Task instructions
Include in the reply only the lines from the start of the data below through the line containing "구마모토에서 매일 들렸던", reproduced exactly and with no pictures.

Saved data entries
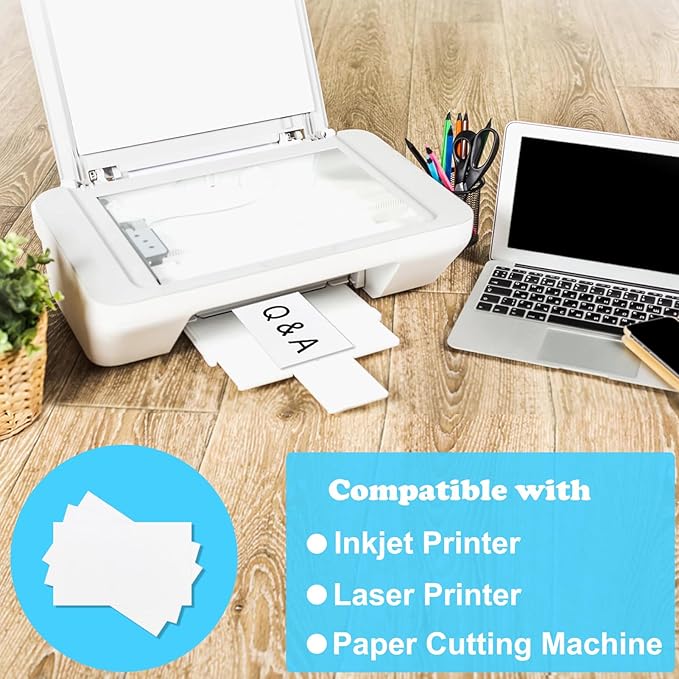 - [Printer Compatible]: The 3x5 white card has same color on front and back. Both sides are compatible with Inkjet and laser printers, can be printed on most printers and no need to worry about smudging or paper jamming. Please check if your printer can handle the paper size and weight before purchasing.
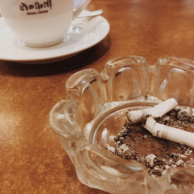구마모토에서 매일 들렸던 오카다 카페입니다.라고 말해도 2번 들린 게 전부이죠. 1박 2일 여행의 매력일까요? 2층의 다락방 같은 느낌과 바리스타들이 눈앞에서 내려주는 커피는 시각적으로도 후각적으로도 훌륭했습니다. 물론 미각적으로도 말이죠. 2번째 방문했을 때는 일본식 크림과 브라운 슈가를 추천하며 일본의 클래식 스타일의 커피라며 추천해줬을 정도로 다른 도시와는 다른 넉살을 가진 도시입니다. 순수한 선의라고 해야 할까? 간사이에서 느꼈던 가식적으로 느껴졌던 친절과는 달랐습니다. 25년 동안 비흡연자로 살다가 흡연을 하게 되었는데 흡연이 되는 카페는 저에겐 언제나 새롭고 신선합니다.
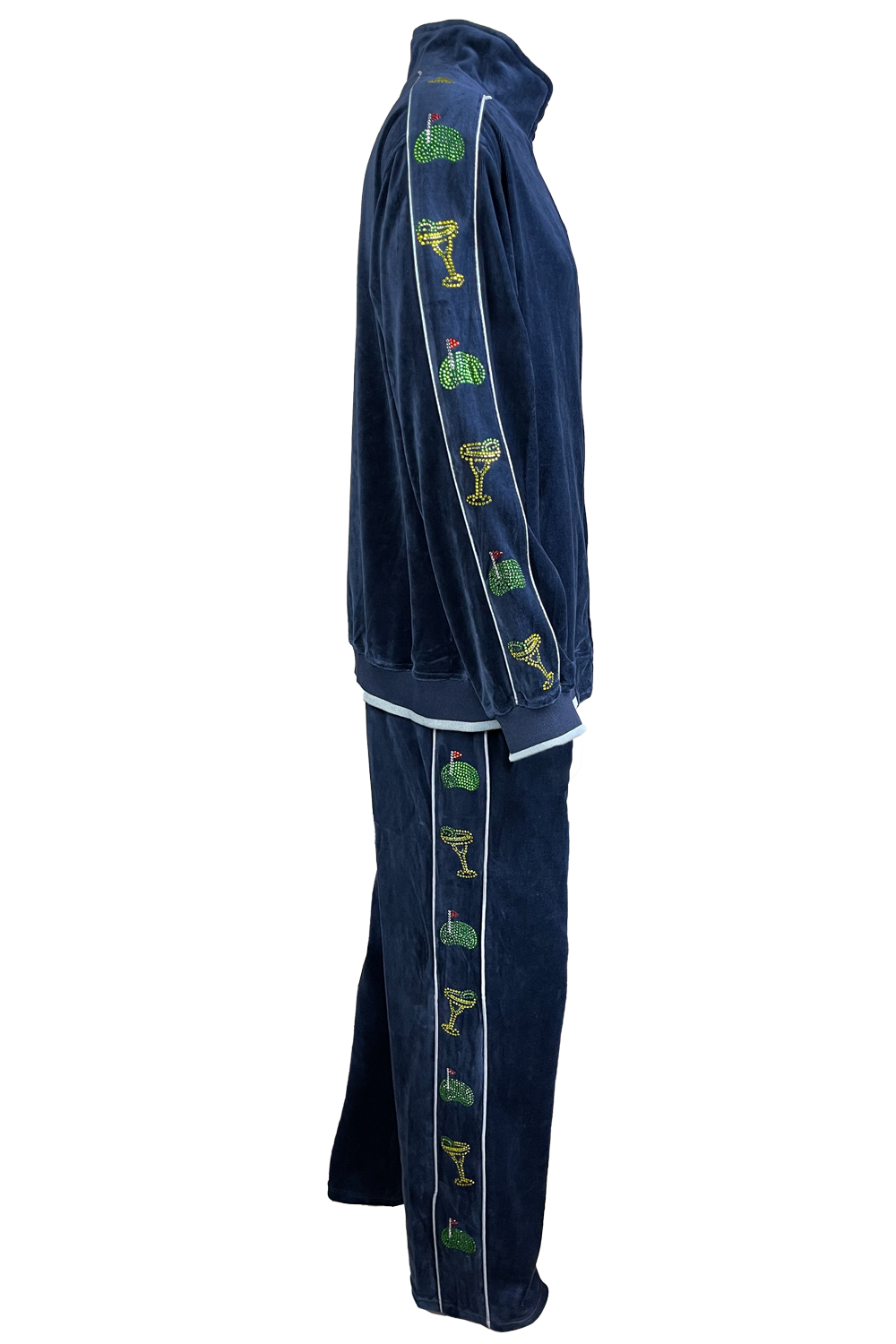 As if this velour sweatsuit doesn’t stand out enough on its own, you can add custom embroidery,embellishments, and rhinestones to your sweatsuit. Simply fill out the form below with embroidery type, thread color, rhinestones, and extra information to stylize your Sweatsedo!
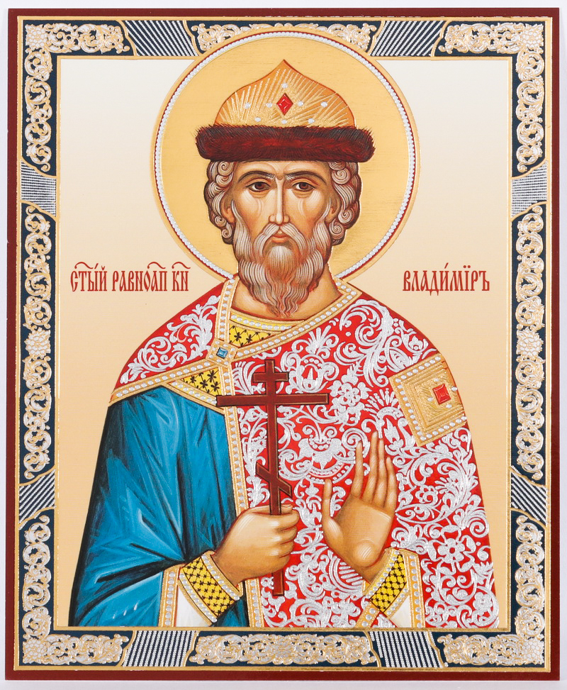 Икона на деревянном планшете 11х13 двойное тиснение Владимир, равн. князь Киевский 4
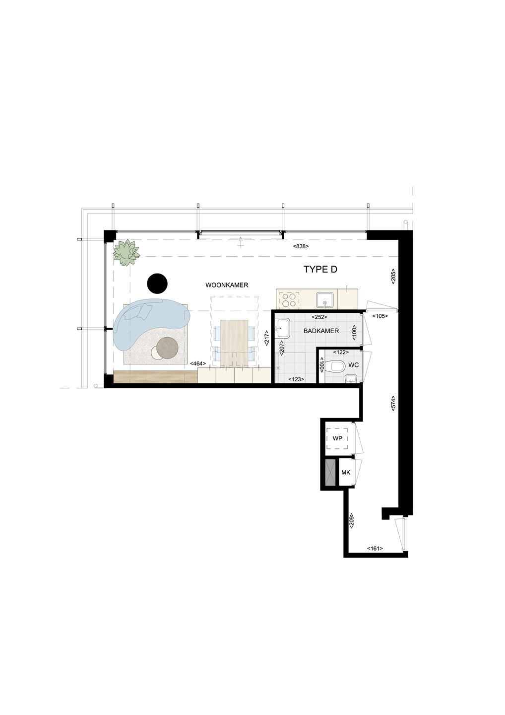 Onderdeel van nieuwbouwproject Bolstoren Studio-appartement - type D
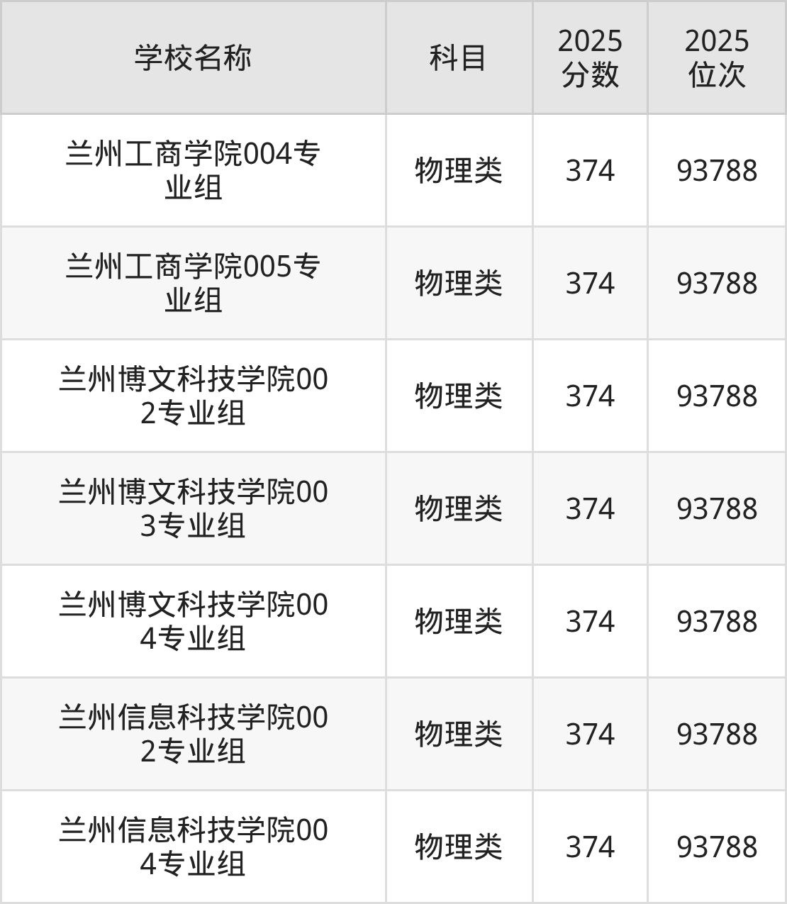 下文为2025年兰州市民办二本大学在甘肃物理类录取分数线和位次排名表,供大家参考:

Output for this task
 - [Printer Compatible]: The 3x5 white card has same color on front and back. Both sides are compatible with Inkjet and laser printers, can be printed on most printers and no need to worry about smudging or paper jamming. Please check if your printer can handle the paper size and weight before purchasing.
구마모토에서 매일 들렸던 오카다 카페입니다.라고 말해도 2번 들린 게 전부이죠. 1박 2일 여행의 매력일까요? 2층의 다락방 같은 느낌과 바리스타들이 눈앞에서 내려주는 커피는 시각적으로도 후각적으로도 훌륭했습니다. 물론 미각적으로도 말이죠. 2번째 방문했을 때는 일본식 크림과 브라운 슈가를 추천하며 일본의 클래식 스타일의 커피라며 추천해줬을 정도로 다른 도시와는 다른 넉살을 가진 도시입니다. 순수한 선의라고 해야 할까? 간사이에서 느꼈던 가식적으로 느껴졌던 친절과는 달랐습니다. 25년 동안 비흡연자로 살다가 흡연을 하게 되었는데 흡연이 되는 카페는 저에겐 언제나 새롭고 신선합니다.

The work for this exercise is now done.